The UEF panels (roughly the size of an A4 picture frame) are first up. The first sits on the rear wall behind and exactly between the loudspeakers, half way up the wall. If the system is set equidistant in the room that means placing the panel dead centre of the wall behind the loudspeakers, then follow the same plan on the wall behind your ears, and then on the side walls. In a larger room, or with electrostatic panel loudspeakers, more UEF panels are required, typically in the corners of the room; our room was fine with four panels, but depending on size and construction, as many as ten could be used. It’s wise to listen to the system before and immediately after installing these UEF panels. The difference is marked, significantly increasing definition, precision, soundstage size, and overall focus. The room seems calmer, too, more like ‘the peacefulness of the great outdoors’ than ‘we just turned the air-conditioner off’.

Now come the UEF pads. These also fit in predetermined positions in the room, although there is more scope for fine-tuning within these positions to find the optimum position for the best possible sound. These work with the larger panels to accurately focus the soundstage in the room, while also reducing the influence of some of the room’s more inglorious effects. These work along the walls and ceiling and you can quickly rack up dozens of coin-sized pads around the room. They even work on cable terminals! Fortunately, they are some of the least obtrusive performance enhancers in the audio business, so they pass domestic criteria unscathed.
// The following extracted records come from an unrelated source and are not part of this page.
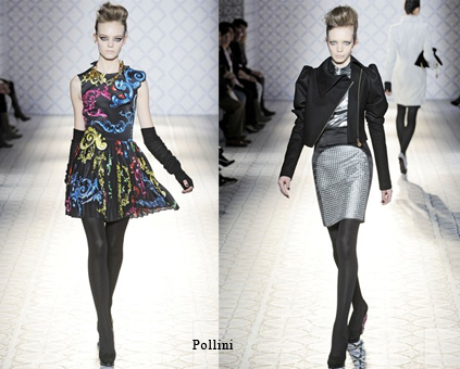 Pollini – O clima eqüestre deu o tom do desfile da Pollini, marca italiana que tem suas origens na produção de calçados. As estampas típicas de lenços, aquelas de arabescos encaracolados, apareceram coloridas e localizadas ou aplicadas em vestidos curtos, foram o ponto alto da coleção. Os ombros volumosos também estavam lá, formando a silhueta do momento.
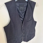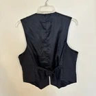 A versatile men's vest with a sleek design, suitable for layering over shirts or under jackets. Offers a sophisticated look for formal or semi-casual settings. • Button front closure • Adjustable back strap • Three front pockets • Polyester lining • Houndstooth pattern Chest width = 21 inches Length = 23 inches
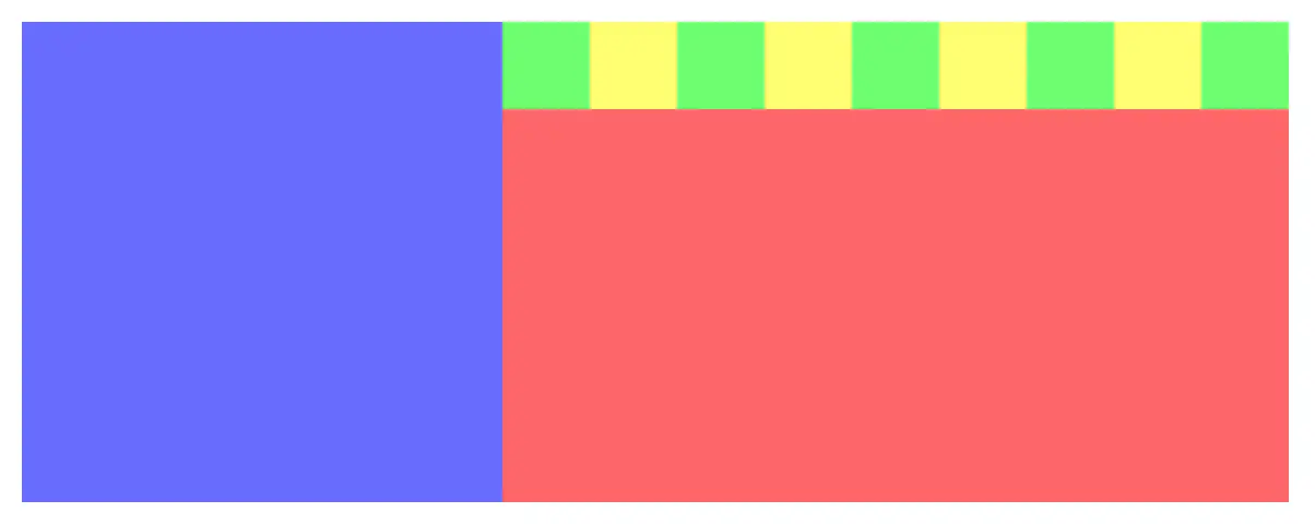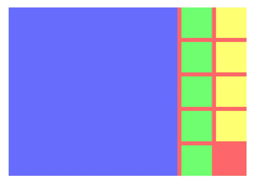 この結果、全体の横幅の値を変えると、大きな画像が入る領域(青い部分)の横幅は変わらず、サムネイルの領域(赤い部分)の横幅だけが伸び縮みするようになります。
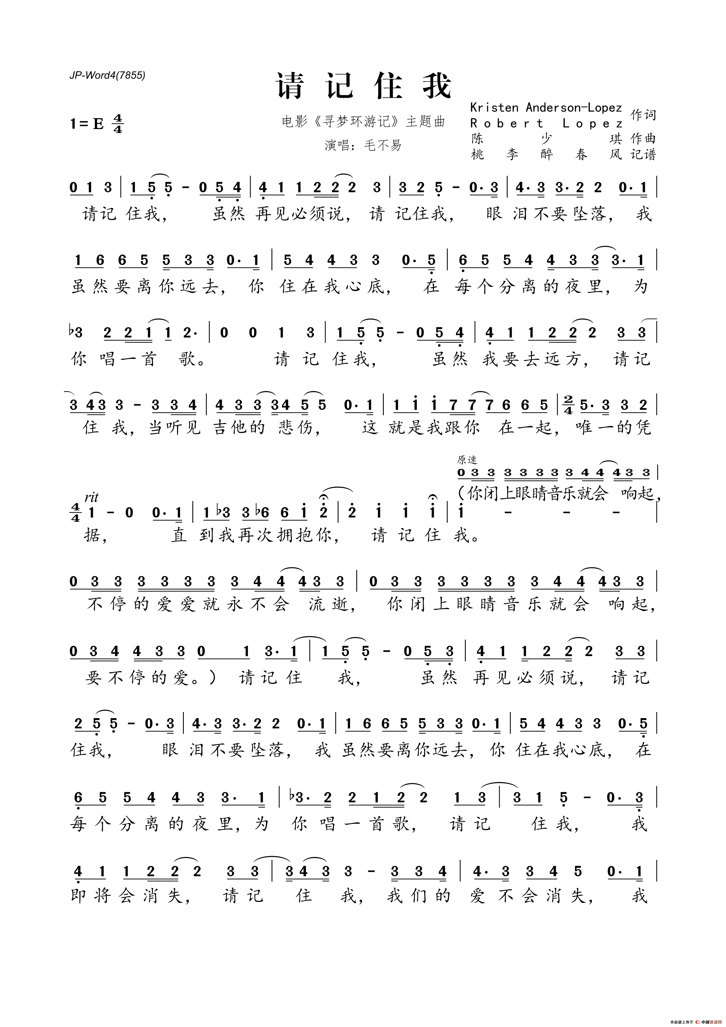 请记住我(《寻梦环游记》中文主题曲)相关五线谱

Once again, as with the UEF panels, the effect of this treatment is to simply improve the overall performance of the system in consistent ways; the bass gets tauter, the midrange more distinct, and the top end has more clarity and precision. Vocals step out from the mix and are more articulate. It’s like taking your system and bringing out the best in it. What’s really surprising is just how much it improves even a modest system – we had a good system (Lyngdorf CD transport into a Nagra HD DAC and SST Son of Ampzilla II power amplifier) with fairly good ProAc Response floorstanders and by the end of the session, they were sounding an order of magnitude better than they did at the start.